I had no idea what to say. I had very few heroes, and none of them had ever looked at me as if I might be the real thing.

And I could feel something else happening too. When one of the waitresses—I had just met—looked at me, there was the faint suggestion she might be thinking of getting to know me, simply because a giant had validated me. If Chuck had asked me for a free rewrite I would have nodded agreement, afraid to even look him in the eyes.

Then he shook my hand.

It wasn’t a handshake so much as a weather event. His fist swallowed my arm nearly to the elbow. He seemed about nine feet tall, with the kind of presence that made nearby furniture consider its options.

He asked how my drive had been. The warmth in his voice only deepened my conviction that he was one of the greatest actors in the world and an even greater man. He had played Luke McCain, after all. I more or less assumed he had higher morals than the Pope and would probably help old women across freeways.

He stood there smiling at me, so I asked how his drive had been.

“Great,” he said.

“How far did you have to come?”

“About twenty miles. I was in Westlake.”

“Oh,” I said, innocent as fresh snow. “What were you doing there?”

Without hesitation, he made a small but unmistakable gesture: one finger poking through the circle formed by his other hand, in and out, in and out — deliciously slow — while he grinned like a seven-year-old who had just liberated a cherry pie and blamed it on the dog.

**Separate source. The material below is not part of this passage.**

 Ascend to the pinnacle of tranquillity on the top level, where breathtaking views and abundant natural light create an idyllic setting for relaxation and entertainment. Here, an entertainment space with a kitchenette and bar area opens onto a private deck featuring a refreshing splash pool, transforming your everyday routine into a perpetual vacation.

And just like that, the great upright hero of my childhood stepped off his marble pedestal, lit a cigar, and turned out to be gloriously, magnificently human.

I was stunned.

Not offended. Just stunned.

The Rifleman, whom I had mentally appointed Assistant God of the West, had apparently spent the night in Westlake engaged in activities not specifically endorsed by my Sunday School teachers.

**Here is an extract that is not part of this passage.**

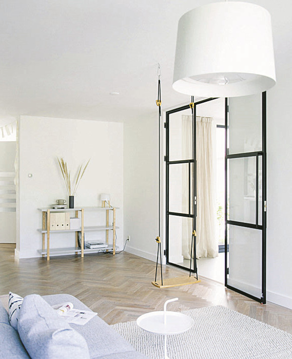 Отличным решением для темной комнаты станет выбор правильной межкомнатной двери. Обрати внимание на варианты со стеклянными вставками, которые будут обеспечивать помещению дополнительную порцию света благодаря соседнему пространству с хорошим освещением. Альтернативой может стать и стеклянная перегородка. Она не только зонирует территорию, но и позволяет сделать мрачную комнату более светлой и просторной.

But the shock passed quickly, for Chuck was impossible not to like.

He had the relaxed mischief of a man who knew exactly how large he was, how famous he was, and how funny life became once you stopped pretending to be a monument.

Later he told me something that made me admire him even more.

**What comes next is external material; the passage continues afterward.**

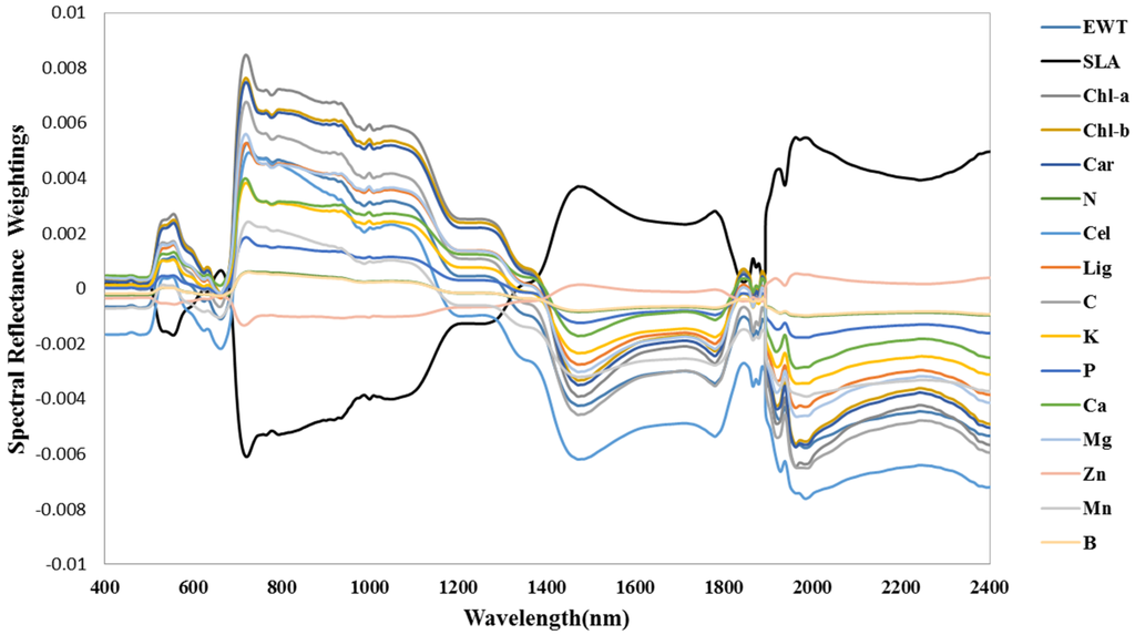 The spectral reflectance weightings of the PLS regression analysis reveal the wavelength-specific importance for predicting the fifteen leaf chemical properties and SLA (Figure 6). The wavelengths of maximum importance are those with spectral reflectance weightings that diverge from zero. Although the spectral reflectance weightings are variable for different leaf chemical components, their change tendencies are almost consistent (except Zn) but opposite those of SLA. This may be explained by our area-basis biochemical measurements. In the VIR (especially within 500–700 nm), the strong PLS reflectance weightings indicate that the most important contributions come from Chl-a, Chl-b and Car, followed by SLA, C, Mg, Lig, Ca, K, N, P, Cel and others less so. The spectral reflectance weightings in the NIR are similar to those in the VIR, but EWT is also an important contributor. Cel, C, SLA and most pigments play a significant role in controlling the SWIR reflectance among species.

He said that when he had a difficult meeting at a studio—especially with some executive trying to push him around—he would bring along several of his sons. Or perhaps four large young men he had sprung from a nearby prison farm. In any case, they were all enormous. They’d sit there quietly, saying nothing, just looking at the executive while Chuck made his points.

According to Chuck, the executive usually agreed to everything he wanted.

That is not negotiating. That is frontier diplomacy.

I loved the image: some poor studio functionary (who would never return my calls) now in a knit tie and expensive fear, looking up to find Chuck Connors and his giant offspring—or parolees—arranged before him like a delegation from the Viking branch of the Screen Actors Guild.

By then I understood that Chuck’s greatness had little to do with sainthood.

He wasn’t Luke McCain. He was better than that.

He was charming, outrageous, funny, worldly, and completely at ease inside his own legend. He didn’t protect my illusions. He flattened them with a smile and then invited me to lunch.

It was one of the happiest disappointments of my life.